Section 8 of the bill imposes sanctions on U.S. subsidiaries of foreign companies,
which could lead the countries in which those are companies are based to challenge
the bill at the World Trade Organization.
"Most countries, even among our closest allies, reject the extraterritorial
application of U.S. sanctions and they are willing to act to defend the principle
that countries may not impose their own foreign policy priorities on other
countries by taking action against their firms," said Gordon.

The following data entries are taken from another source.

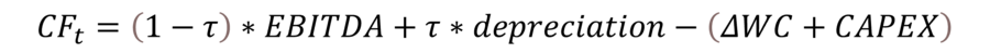 The cash flow for each year up was calculated by the following formula.
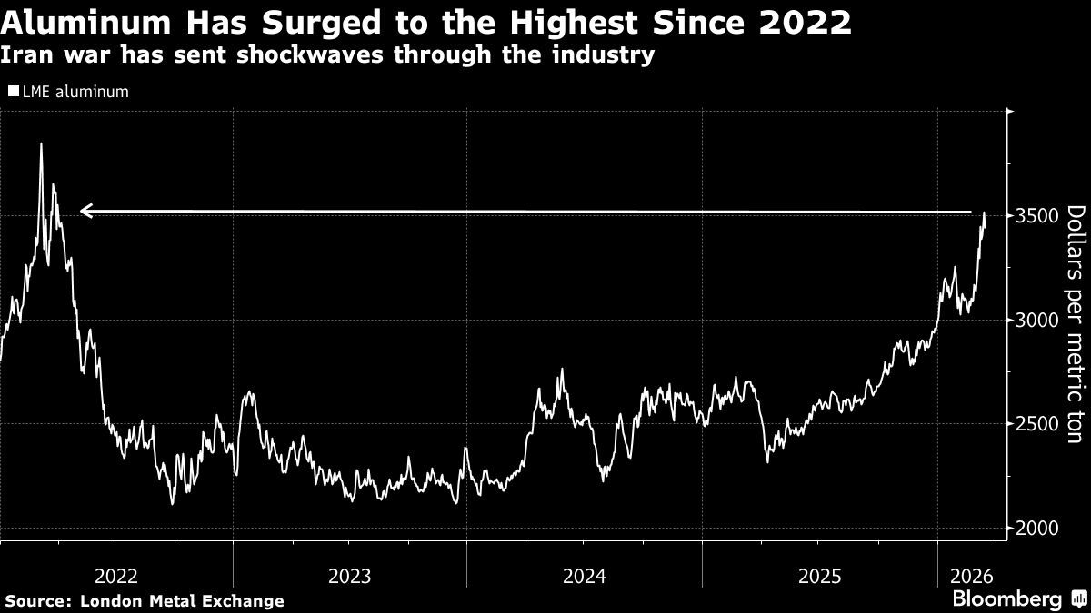 Цените на метала на Лондонската метална борса (LME) са се увеличили с над 9% от началото на войната в Иран в края на миналия месец, достигайки най-високото си равнище от 2022 г. насам. Заедно с други алуминиеви заводи в Близкия изток, държавната Alba се сблъсква със смущения в изходящите доставки наметала и входящите доставки на алуминиева суровина поради ограниченията на корабоплаването през Ормузкия проток.
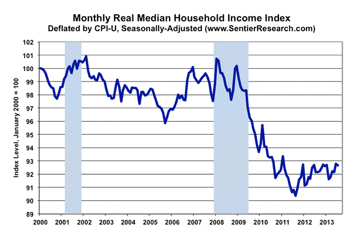 The first graph, preceding is the Census series of annual real median income, as deflated by the CPI-U and indexed to 2000 = 100. The second graph is based on Sentier’s monthly data on real median household income, as deflated by the CPI-U and indexed to January 2000 = 100. Where the index overlapping is not exact, the annual patterns seen in the Census data are broadly consistent with the Sentier data for the period 2000 to 2012. The Sentier numbers continue through July 2013 reporting.
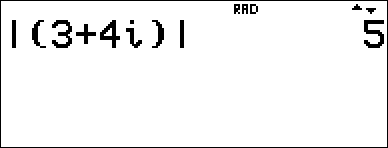 Geeft de absolute waarde (modulus) van een complex getal. Syntax: abs(waarde) (of |þ| in MathPrint™ modus) |

U.S. sanctions have had a minimal effect, mainly because Russia and China
have not stopped assisting Tehran in its nuclear goals, but also because Iran
has already survived through three decades of unilateral U.S. sanctions.
Despite the 2007 National Intelligence Estimate saying that Iran had suspended
its nuclear weapons program based on rational cost-benefit analysis, the consensus
among most Washington Beltway insiders is that Iran's advancement in the nuclear
fuel cycle will allow it to develop nuclear weapons if it so chooses, and that
is a possibility that is unacceptable.
Three rounds of UN Security Council sanctions on Iran have not produced the
desired effect. Last week, Iran rejected European overtures to halt its uranium
enrichment program in return for incentives. "Iran does not trade its
rights in return for incentives," government spokesman Ghalm Hossein Elham
told reporters, according to the Associated Press.
"The Islamic Republic of Iran doesn't need incentives from Europe to
obtain its rights," he said, adding, however, that Iran was open to dialogue
with Europe over its nuclear program.
The Washington view on sanctions against Iran which critics describe as
a substitute for real diplomatic engagement with Tehran has analysts agreeing
on the problem but diverging over how to confront it.
"It is obvious that the limited multilateral sanctions now in effect
will not have their desired effect. Than what? If war is off the table, submission
and tribute will remain," said Danielle Pletka of the neoconservative
American Enterprise Institute.
"This leaves us with the hope that harsher and more effective economic
sanctions can raise the cost to Iran of pursuing nuclear weapons and change
the calculus of decision-makers in Tehran," she said.
Senior officials from the major powers dealing with Iran the U.S.,
France, Germany, Britain, Russia, and China are due to meet on April
16 in Shanghai to discuss what the next steps should be against Iran.